For those who think HvB was too liberal, it is very interesting that Rev George Kelly said HvB told him that Kelly's criticisms of Raymond Brown were the most important piece of work he had done (!).

As for the Hell stuff, I think a part of the problem was the overly defensive temperament that came thru in "Dare We Hope..."

Makes me want to read some of "Glory..."


Thanks for the link, Carl (anything about my beloved Father von Balthasar is always greatly appreciated).


Hans Urs von Balthasar, along with Ratzinger, was the greatest theologian in the last century. I am very thankful for Ignatius Press for having published his works. And although Balthasar is a genius, I think that von Speyr is way better than him. Her profundity is stunning. No wonder why Balthasar loved her.

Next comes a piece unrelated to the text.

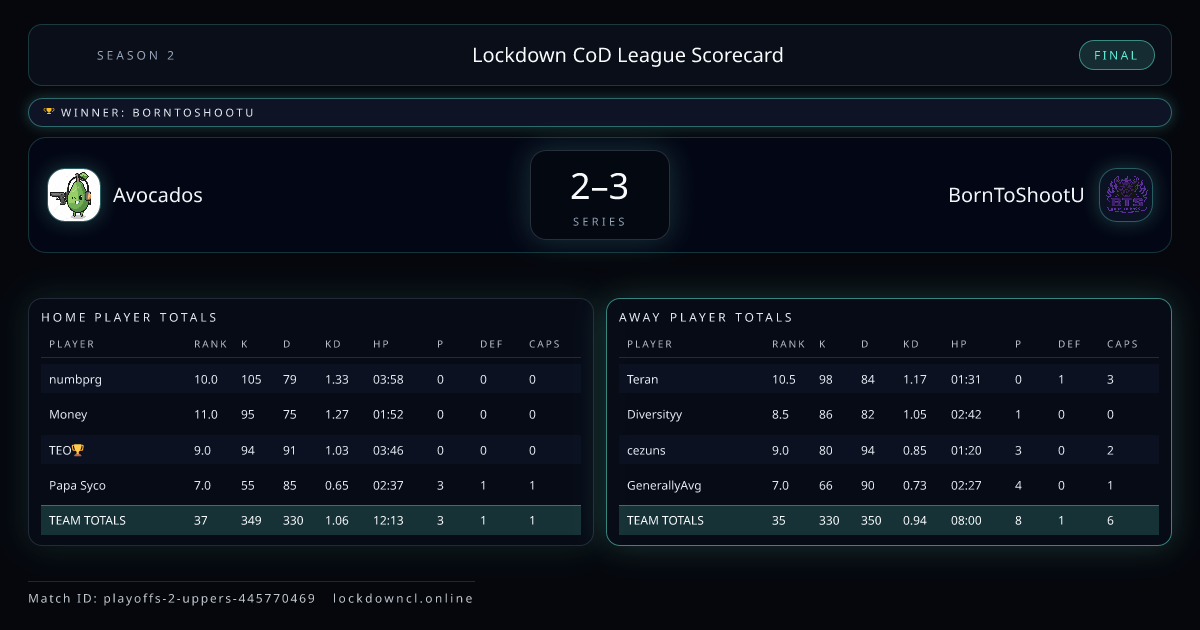 Scoreline: 2 - 3Winner: BornToShootUMatch ID: playoffs-2-uppers-445770469

His work definitely takes time, but I do think that the problem is not so much with time, but that people would rather read other non essential things than read his works. And other than John Paul Institute in Washington, I don't think anyone has really immersed themselves to his thinking.

I would personally recommend Love Alone is Credible, The Threefold Garland, and vol. 1 of Glory to get started with Balthasar.

Charles E Flynn

I had read Adrienne von Speyr's "Confession" in the original English translation, which was sufficiently defective that Ignatius Press published a better translation. I hardly remembered the book, when I was specifically told by a priest, a member of the Oblates of the Virgin Mary, that I should read some of her works. She can be daunting at times, because she has a tone and style, even in translation, that can come across as, "I'm sorry, but you have completely misunderstood the meaning and purpose of everything. Keep reading, remain open to the Holy Spirit, and things will become clearer."

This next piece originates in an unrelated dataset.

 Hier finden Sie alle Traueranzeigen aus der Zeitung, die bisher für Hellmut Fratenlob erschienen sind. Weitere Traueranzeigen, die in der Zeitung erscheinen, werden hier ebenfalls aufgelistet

Adrienne von Speyr can destroy your worldview in a single sentence, but she always replaces it with an upgrade.


Obviously his work on Beauty and Glory is phenomenal, but this does not mean there were not problems elsewhere. His work on the "Paschal Mystery" (as he understood it) is problematic. His work in "Dare We Hope" goes well beyond the problematic. DWH flies in the face of what every saint, pope, and council has said on this topic and seems to deny the plain sense of Scripture regarding the fate of Judas.


I find the objections to Balthasar with regards to the Paschal Mystery and Dare we Hope very weak so far. This is not to say that Balthasar's views are not controversial, but it seems to me that quoting a bunch of passages from the Scriptures and the Magisterium in an apologetic-style way is very weak. As Griffiths has shown, even the Magisterium does not say anything on Holy Saturday that would exclude what Balthasar said. With regards to DWH, it does not fly in the face of what every saint, pope, etc said. That would be ridiculous. The Eastern Fathers go way beyond what Balthasar said, in fact. One of the best patristic scholars in the world, Ilaria Ramelli, is working on universal salvation. It should be a good read. As for Scriptures, it all depends on what "aionos" mean. And I don't even know if we can get a conclusive answer to that.

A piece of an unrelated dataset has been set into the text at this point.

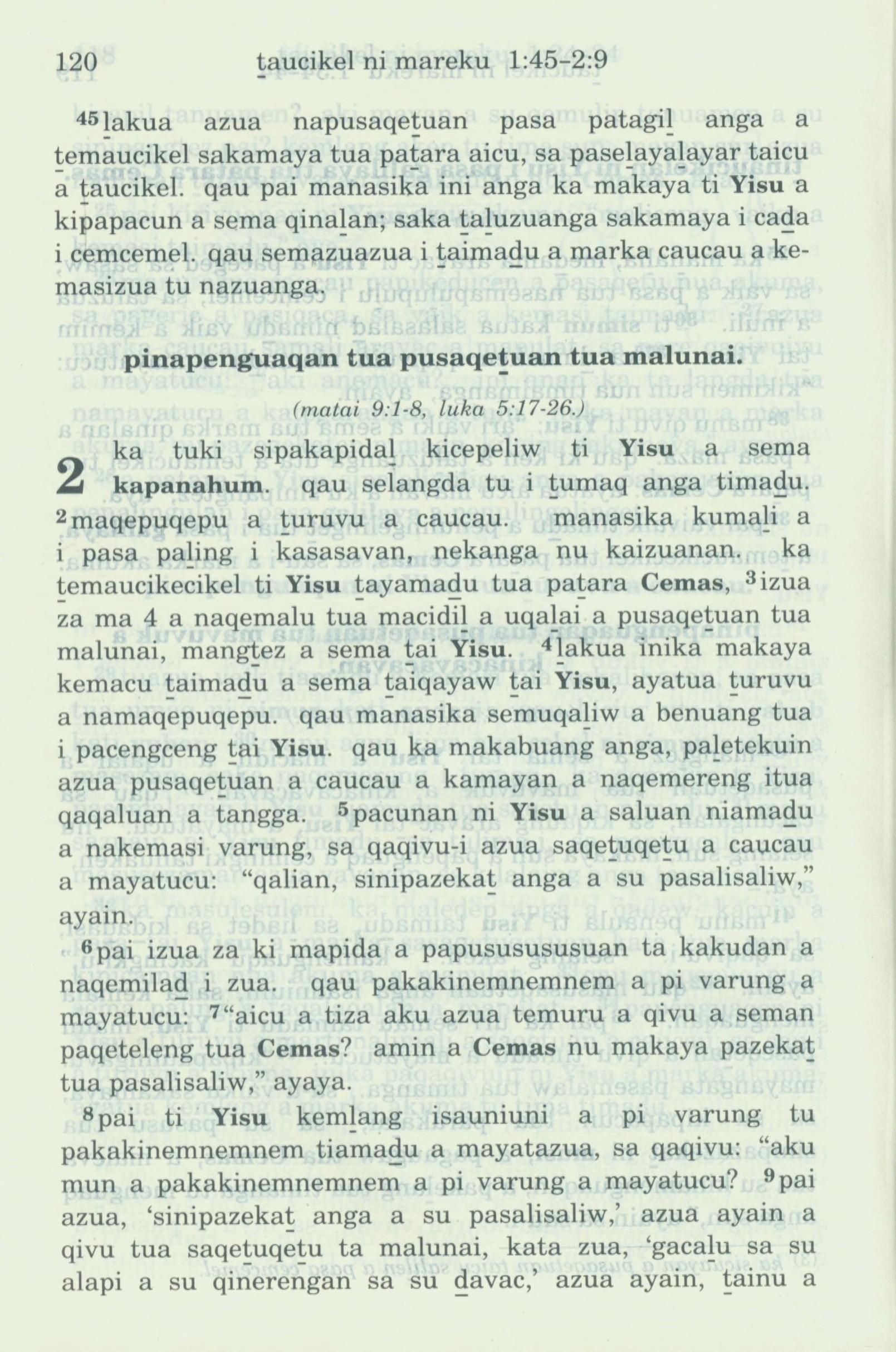 1993年新旧约全书 马可福音 1 章 45 节到 2 章 9 节

But a way to understand and critique Balthasar would be going at it from the point of view of love: what does love entail? Does it mean to suffer? Would not then suffering be part of the atonement, rather than just obedience? What would a theory of atonement that does not include suffering say to me? Does love involve an element of surprise?

Those are the questions that must be dealt with. Otherwise the discussion just becomes sterile and we're back at high school apologetics.

Charles E Flynn

I hope to see Adrienne von Speyr's work on Holy Saturday published in English by Ignatius Press.